Prior to January 1, Stockbridge co-head and executive managing director Terrence Fancher had owned 100 percent of the firm. On January 1, Fancher sold 48 percent of the company to Gryphon, a CITIC subsidiary, according to a filing with the Securities and Exchange Commission. As part of the transaction, a Stockbridge board was appointed, consisting of Fancher as chairman; Kristin Renaudin, managing director at Stockbridge; Yichen Zhang, chairman and chief executive officer at CITIC; and Annie Fung, chief operating officer at CITIC.
Stockbridge made the filing in February but the ownership change was not previously reported. Financial terms of the deal were not disclosed.
The corporate transaction follows a joint venture that CITIC formed with Stockbridge last year, investing capital in US real estate. Fancher was said to have been seeking and courting new equity sources for some time.
The firm’s portfolio includes core, value-added and opportunistic strategies. Founded in April 2003, Stockbridge had approximately $10.9 billion of assets under management as of December 30, spanning all major real estate property types and certain specialty property types throughout the US.
In 2010, Stockbridge and a number of managing directors spun out the firm’s core and value-add real estate businesses to form an affiliate known as Core and Value Advisors. CVA is 50 percent owned by eight managing directors that are dedicated to the core and value-add businesses, with Stockbridge and Fancher owning the remaining 49 percent and 1 percent, respectively. Through its investment in Stockbridge, CITIC now owns a less than 25 percent interest in CVA.

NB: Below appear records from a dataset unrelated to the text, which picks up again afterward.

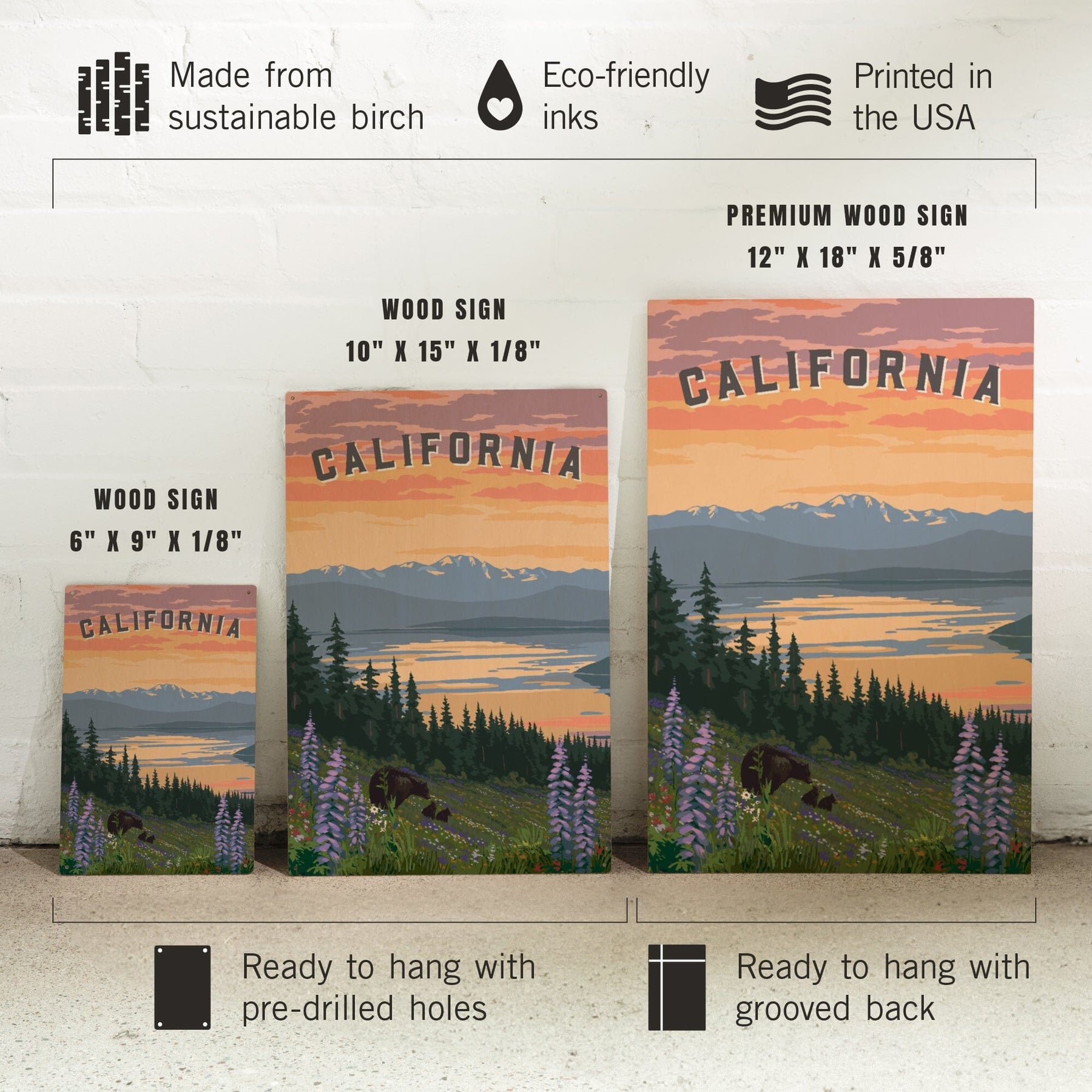 California Bear and Spring Flowers, Wood Signs and Postcards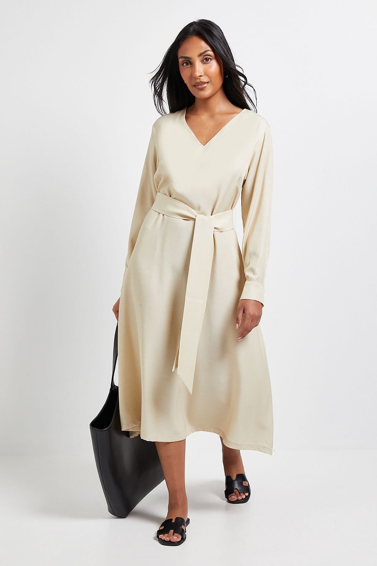 Sophisticated midi dress in stone featuring a flattering V-neckline and tie waist detail. The flowing fabric provides elegant coverage, perfect for versatile styling. Long sleeves add a touch of refinement to this casual piece.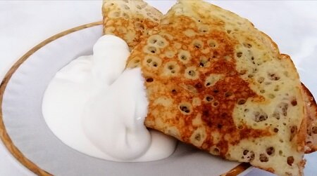 Пахнет весной и... блинами! Такие пышные блины пекла еще моя бабушка. Румяные, необыкновенно нежные и мягкие с глубокими дырочками... можно кушать с маслом, сметаной, с вареньем, джемом, свежими или морожеными ягодами и медом, с мороженым и вареньем... Очень вкусны горячие блины, прямо со сковородки. Все привыкли к тонким и ажурным блинчикам, а эти пышные блины занимают почетное место в списке моих рецептов блинов. Бабушкины я не пробовала, но мамины невероятно вкусные, всем нравятся! Такие блины очень быстро печь, на сковороду диаметром 20см уходит целый половник теста на 1 блин. Исчезают такие блины тоже с огромной скоростью, зато съел пару блинов: и сыт и доволен. Состав: Молоко - 1,25 литра, яйцо - 2 шт, масло растительное - 7 ст.ложек, дрожжи сырые - 0,5 ч.ложки, сахар - 5 ст.ложек, соль - 0,5 ч.ложки, сода пищевая - 0,5 ч.ложки, мука примерно 3-4 стакана, смотрим по консистенции. Способ приготовления: Готовим опару обычно вечером: в чашку выливаем 1 стакан теплого молока доб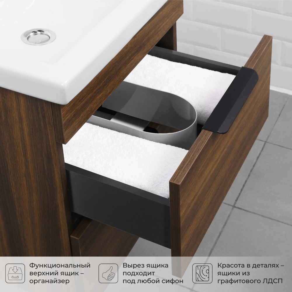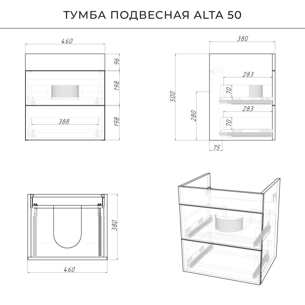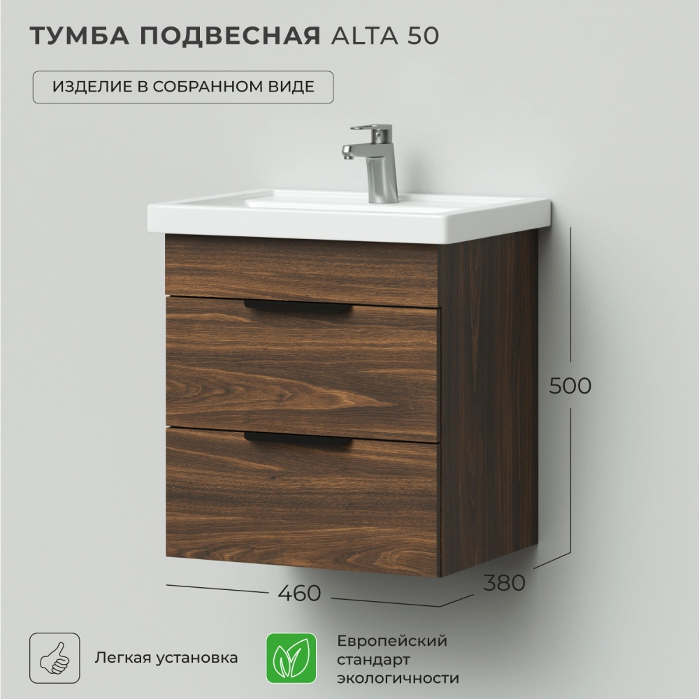 Подвесная тумба под раковину из коллекции Alta станет настоящим украшением ванной комнаты в современном стиле. Навесной способ установки тумбы в ванную дает возможность не только визуально увеличить пространство, но и обеспечивает быстрый и удобный доступ для уборки. Размеры подвесной тумбы под раковину 460*380*500 - идеальный выбор для ванной комнаты или туалета. Тумба под раковину изготовлена из ламинированного ДСП, поэтому выдерживает высокие эксплуатационные нагрузки. Качественная фурнитура с доводчиками обеспечивает легкое открывание и плавное закрывание ящиков. Вырез под сифон универсальный, для любого типа. Благодаря своей конструкции тумба обеспечивает удобный доступ к раковине и позволяет скрыть коммуникации. Тумба под раковину в ванную оснащена двумя удобными ящиками для хранения, что позволяет разместить всё необходимое под рукой. Для точного выбора подвесной тумбы под раковину в ванную комнату рекомендуем обратиться к схеме замеров, которая находится на фото в карточке товара, размеры изделия могут отличаться +/-1 см в связи со спецификой производства. Тумба для ванной доставляется в предварительно собранном виде, надежно упакована.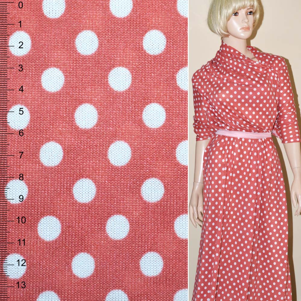 Трикотаж теракотовий світлий в білий горох ш.170. Склад тканини: Поліакріл-85, Вовна-10, Еластан-5. Щільність тканини 170 г/м.кв. Країна виробник: Південна Корея. Трикотаж – це м'яка щільна матерія, не прозора. Приємна на дотик, комфортна в носінні. Завдяки вмісту синтетичних матерій, матеріал більш зносостійкий та надовго зберігає свій первісний вигляд. Тканина відрізняється своєю приємною текстурою, гарною розтяжністю, практично не помається, добре драпірується. Трикотаж досить простий у догляді. Використовується для пошиття суконь, спортивних костюмів, легких жакетів, поло, футболок та багато іншого.Дякуємо за ваш вибір.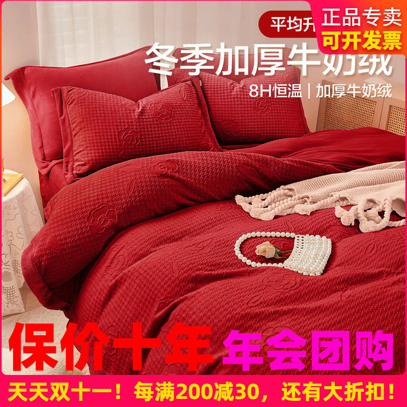 博洋婚庆雕花绒牛奶绒结婚四件套冬季加厚被套床单床上用品冬天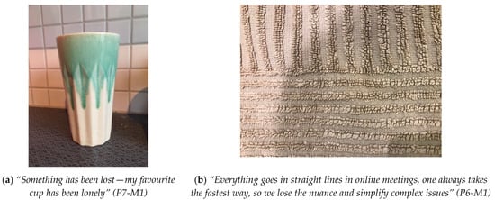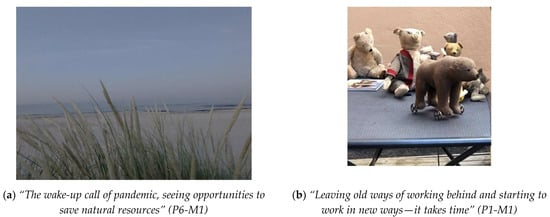 Examples of the participants’ photos and reflections: (a) opportunities for sustainable development; (b) challenges in finding new ways of working.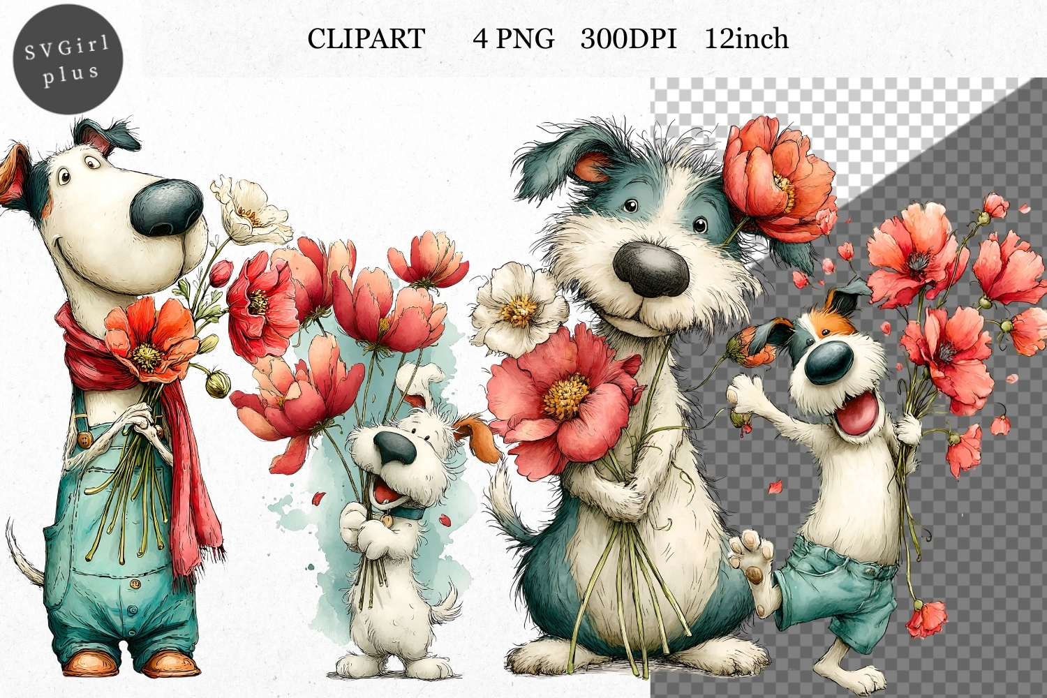 Similar Design Products to Dog Clipart, Valentines Day Clipart, Whimsical Clipart

The opportunistic funds managed by Stockbridge include Stockbridge Real Estate Fund, which attracted $612 million in 2003; Stockbridge Real Estate Fund II, which netted $1 billion in 2005; and Stockbridge Real Estate Fund III, which came in at $909 million in 2007. All of the opportunistic funds are now fully invested or committed.

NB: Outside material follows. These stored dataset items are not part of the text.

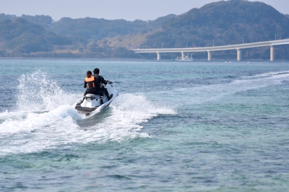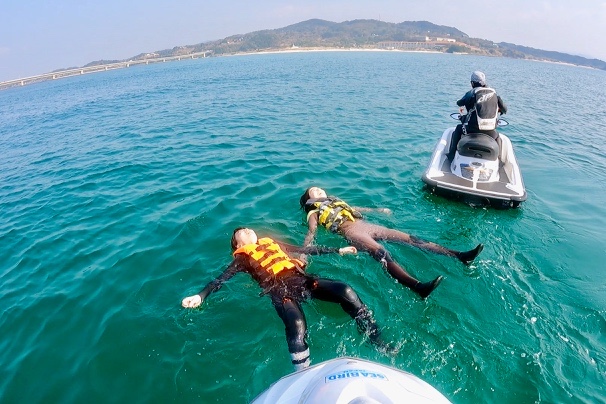 漂流ポイントへは、水上オートバイで向かいます。その準備をしていると、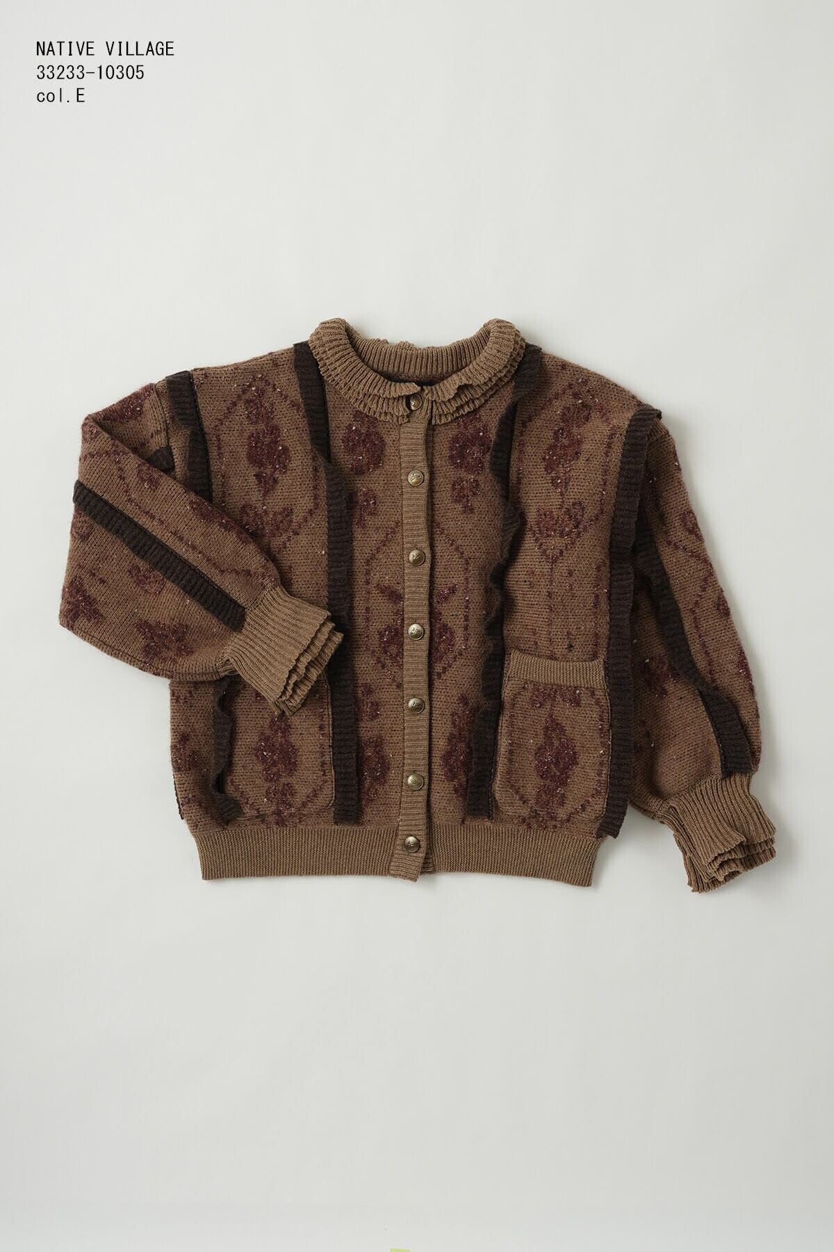 ジャガード編のカーディガンは、柄を編みながらそのままフリルも繋げて編むと言う職人技の一品です。ニットは素材の特性上斜行します。1着づづ寸法に差がでます。御了承下さい。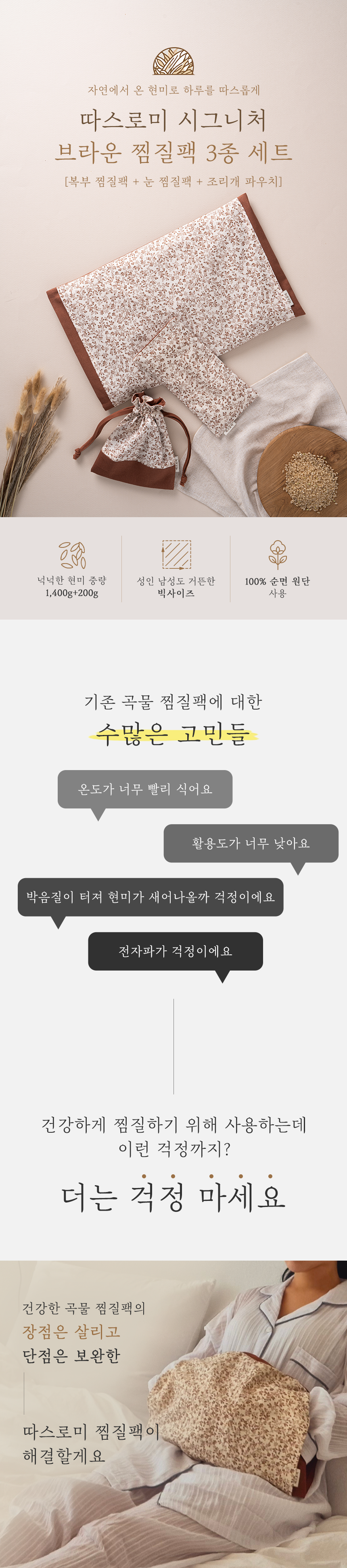 • 따스로미 시그니처 브라운 현미 복부+눈 찜질팩+파우치 3종세트 (+0원)

The core and value-add funds managed by CVA include Stockbridge Value Fund III, which was launched this year and has attracted $50 million to date, according to PERE data. Previously, CVA raised $320.5 million for Stockbridge Value Fund II in 2014, against a $500 million target, and $217.9 million for Stockbridge Value Fund I in 2011, against a $250 million target.
Since 2005, CITIC Capital Real Estate Group, CITIC’s real estate investment management and advisory arm, has managed six funds and one co-investment vehicle. Through six of those vehicles, the firm has targeted Chinese real estate. However, it also invests in the London property market through CITIC Capital London Property Fund, which is mainly focused on a high-end residential development project located at 60 Curzon Street in the UK capital.
To date, CCREG has invested in more than 20 projects in China spanning more than 43 million square feet in residential, retail and commercial properties and valued in aggregate at more than $8 billion. The firm is looking to expand its presence in Europe and the US, and increase its investments in logistics properties and student housing, according to its website.
CITIC Capital currently manages $19.3 billion of capital from international and Chinese investors. Its primary businesses include real estate, private equity, real estate, structured investment and finance, and asset management. CITIC Capital currently employs more than 200 staff throughout its offices in Hong Kong, Shanghai, Beijing, Shenzhen, Tokyo and New York.
CITIC’s investment in Stockbridge marks yet another corporate transaction involving an Asian investor acquiring a full or partial interest in a US real estate-related manager. In February, SoftBank Group, the Japanese multinational telecommunications and internet corporation, disclosed that it was buying New York-based private equity and real estate firm Fortress Investment Group for $3.3 billion. Later that month, Mitsui and CIM Group announced that the Japanese conglomerate was set to buy a 20 percent stake in the Los Angeles-based real estate and infrastructure fund manager, and intended to also commit capital to certain CIM funds, for a total of investment of $450 million to $550 million.